In its standard form, Themis requires each participant to exchange messages with most other nodes in the network. As the number of participants grows, the communication volume increases rapidly, roughly proportional to the square of the network size. However, in its optimized version, SNARK-Themis, nodes use succinct cryptographic proofs to verify fairness without needing to communicate directly with every other participant. This reduces the communication load so that it grows only in direct proportion to the number of nodes, enabling Themis to scale efficiently even in large networks.
If a malicious proposer attempts to exploit the situation by proposing an empty block, Themis employs deferred ordering, where the partially ordered batch (B₁) is still accepted, and the final, precise order of its transactions is determined later by the next honest proposer.
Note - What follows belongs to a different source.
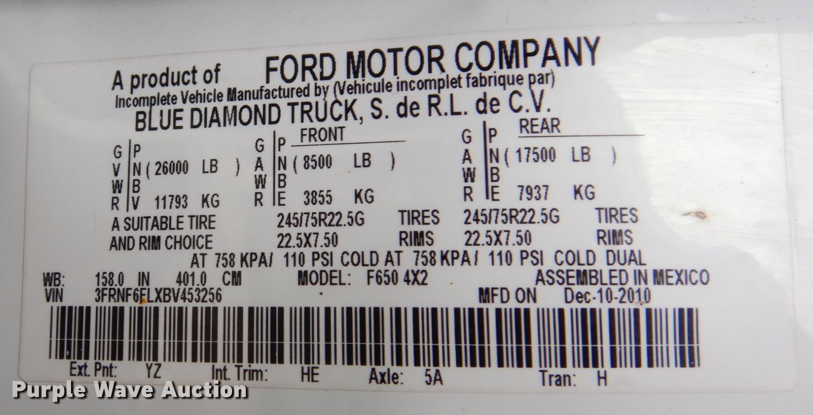 - VIN: 3FRNF6FLXBV453256

That proposer finalizes the order based on verifiable transaction relationships, not personal discretion. This design ensures finalization depends only on bounded network delay, not on the arbitrary behavior of the current proposer, thereby closing a key liveness gap that Aequitas could not guarantee.
This structure guarantees that every transaction is both included and executed deterministically, even in the presence of conflicting arrival orders. Because Themis leverages the internal dependency graph and SCC condensation to extract a final ordering, it is resilient to adversarial manipulation. Attackers cannot simply reorder or front-run other users’ transactions once they are included in the batch. Any attempt to alter dependencies would break the verified graph consistency.
In an empirical analysis by Mahimna Kelkar et al., γ-BOF resists adversarial reordering more strongly than timestamp-based approaches in geo-distributed networks. However, it demands significantly more computational and protocol complexity, which can also be viewed as a drawback.
Conclusion:
Perfect fairness in transaction ordering is structurally unattainable in distributed systems that lack synchronized clocks and instantaneous communication. The Condorcet paradox ensures that majority preferences can conflict in ways no single linear order can satisfy. The real question is how to find the most realistic and useful trade-offs.
Hashgraph and BOF represent two coherent answers. Neither approach is inherently superior. Both embed fairness directly into the consensus mechanism rather than relying on trust or authority. Both approaches demonstrate that fairness is not a binary property but a spectrum of trade-offs defined by formal impossibility results. Where synchrony is unavailable and clocks are untrusted, the choice between median-timestamp aggregation and batch-order collapsing reflects different but equally principled responses to the same underlying constraint.